Unfortunately, the results are nowhere as satisfactory whether from a directorial standpoint, or just from the satirical story side. While some parody is present (mainly in regards to certain customer types and their comeuppance), McKittrick seems fixated on and unable to let go of various crude running gags that aren't funny the first time, let alone the second, fifth or tenth time they roll around.

Then again, if you're a thirteen-year-old boy, you might be rolling in the aisles regarding a recurring bit where the men in the restaurant try to expose their genitals to each other, with the viewer then being punished with a swift kick to the rear. The funny part is supposed to be the various imaginative ways one's privates can be displayed, stretched or otherwise contorted, but none of it's remotely funny (unless you fall into that specific demographic that's otherwise obviously too young to see this strong, R-rated film).

Then there are repeated bits about a guy who can't urinate in public restrooms; an amorous couple's antics in the building; a twenty or thirty something loser who's fixated on nailing underage girls; a middle-aged manager who becomes enticed by his underage hostess, two white teens who think they're black gangster rappers, and more. I suppose with just the right directorial touch or sharp writing, such material might have been funny and maybe even occasionally hilarious, but as it stands it's just one instance after another of repetitive banality and idiocy.

Most such films have a more serious subplot featuring some angst-filled character looking or at least needing to change, and this effort doesn't let that one slip by. Here, it's Justin Long ("Herbie: Fully Loaded," "Jeepers Creepers") portraying the screen alter-ego of McKittrick as a twenty-something waiter who's suddenly realized he's in a dead end job in a dead end life.

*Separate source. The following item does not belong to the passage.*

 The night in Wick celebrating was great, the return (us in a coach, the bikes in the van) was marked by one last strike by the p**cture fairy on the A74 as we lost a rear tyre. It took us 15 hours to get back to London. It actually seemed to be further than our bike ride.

While there's potential present -- albeit not remotely original -- McKittrick similarly botches that. It doesn't help that Long is blasť in the role, but there's just nothing there for audiences latch on to. It may have been therapeutic for the filmmaker essentially putting himself or at least his character type up on the screen, but it does nothing for the film.

As far as the performances are concerned, none of the mostly young actors and actresses has any sort of fighting chance as they're pigeonholed in very specific character types with very repetitive and defining traits. Among the more notable but wasted performers is Chi McBride ("Roll Bounce," "The Terminal") as some sort of philosophical dishwasher and Luis Guzman ("The Salton Sea," "Boogey Nights") as the perpetually horny cook with a penchant for using the floor to add some flavoring and/or texture to his culinary creations.

And could someone please stop Ryan Reynolds ("The Amityville Horror," "Blade: Trinity") from playing the same sort of smarmy, smart aleck character he did in "Van Wilder." His comedic timing, delivery and overall being were awful there and that only continues here, and since he's one of the major characters, he quickly wears on one's nerves.

With perhaps a random chuckle or two scattered throughout the rest of this comic misfire, you'll likely find yourself following the title's descriptive moniker for a workplace satire as sharp or witty in its observational humor as "Clerks" and then "Office Space" managed to be. "Waiting" rates as a 1.5 out of 10.